Given a binary tree, check whether it is a mirror of itself (ie, symmetric around its center).
For example, this binary tree [1,2,2,3,4,4,3] is symmetric:
1 / \ 2 2 / \ / \ 3 4 4 3
But the following [1,2,2,null,3,null,3] is not:
1 / \ 2 2 \ \ 3 3
Note:
Bonus points if you could solve it both recursively and iteratively.

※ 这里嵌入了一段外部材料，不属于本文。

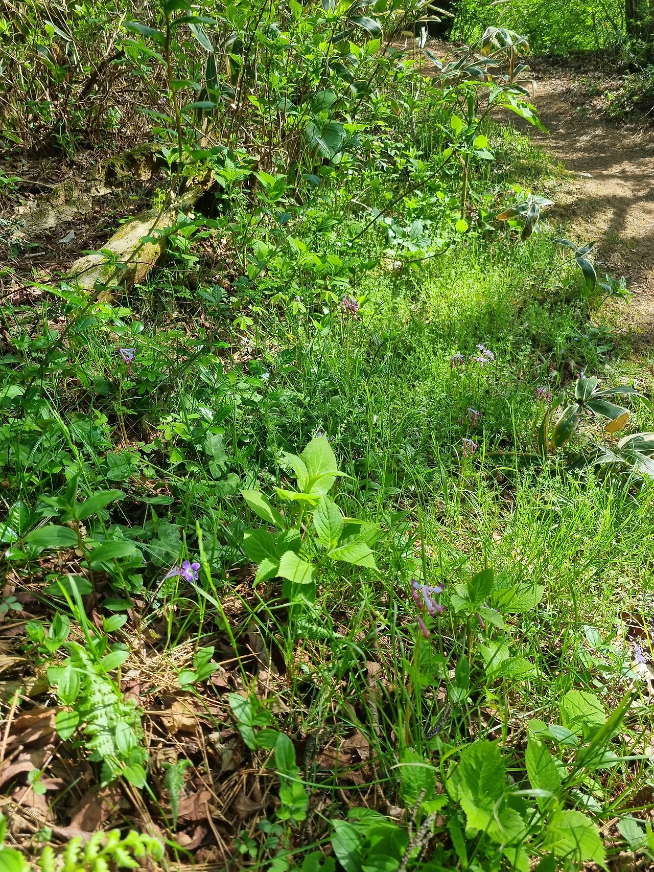 이리로 가면 뭐가 나오나 싶은 비좁은 외길을 운전해 가다 보면 어느새 바리메 오름 입구에 도착한다. 한걸음 내딛으려는 그 순간부터 오르막길이다. 한 명이 거닐 수 있는 좁은 길을 따라 계단의 너비와 높이가 다른 나무 계단들이 이따금 불규칙하게 놓여 있어 내딛는 발걸음이 조심스럽다. 이 좁은 계단길을 따라서 정상까지 가는 길에는 볼거리가 어느 오름보다도 많다. 한라산 등반 때나 보이던 제주조릿대가 무성하고, 봄이 되어 피어 있는 풀꽃들을 알아채느라 마음이 바쁘다. 오름 기슭에서 지난번 붉은오름에서 처음 보았던 낚시제비꽃이 곳곳에 있어 반갑다. 얼마나 올라갔을까 안 봤던 새로운 풀꽃 하나가 피어 있다.

思路:朴素思想是基于层次遍历,然后判断每一层是否对称,然后再判断下一层。
/**
* Definition for a binary tree node.
* public class TreeNode {
* int val;
* TreeNode left;
* TreeNode right;
* TreeNode(int x) { val = x; }
* }
*/
class Solution {
public boolean isSymmetric(TreeNode root) {
if(root == null) return true;
Queue<TreeNode> layer = new LinkedList<TreeNode>();
ArrayList<TreeNode> compara = new ArrayList<TreeNode>();
layer.add(root);
while(!layer.isEmpty()){
while(!layer.isEmpty()){
TreeNode nowNode = layer.poll();
if(nowNode == null) continue;
compara.add(nowNode.left);
compara.add(nowNode.right);
}
for(int left = 0,right = compara.size() - 1;left < right; left++,right--){
if(compara.get(left) != null && compara.get(right) != null &&compara.get(left).val == compara.get(right).val){
continue;
}else if(compara.get(left) == null && compara.get(right) == null){
continue;
}else{
System.out.println();
return false;
}
}
layer.addAll(compara);
compara.clear();
}
return true;
}
}
当然,还有改进写法,可以减少一个辅助数组。
public boolean isSymmetric(TreeNode root) {
Queue<TreeNode> q = new LinkedList<>();
q.add(root);
q.add(root);
while (!q.isEmpty()) {
TreeNode t1 = q.poll();
TreeNode t2 = q.poll();
if (t1 == null && t2 == null) continue;
if (t1 == null || t2 == null) return false;
if (t1.val != t2.val) return false;
q.add(t1.left);
q.add(t2.right);
q.add(t1.right);
q.add(t2.left);
}
return true;
}
public boolean isSymmetric(TreeNode root) {
return isMirror(root, root);
}
public boolean isMirror(TreeNode t1, TreeNode t2) {
if (t1 == null && t2 == null) return true;
if (t1 == null || t2 == null) return false;
return (t1.val == t2.val)
&& isMirror(t1.right, t2.left)
&& isMirror(t1.left, t2.right);
}时空复杂度都是O(N),因为遍历所有节点,且使用了N的辅助空间(队列或者递归栈)。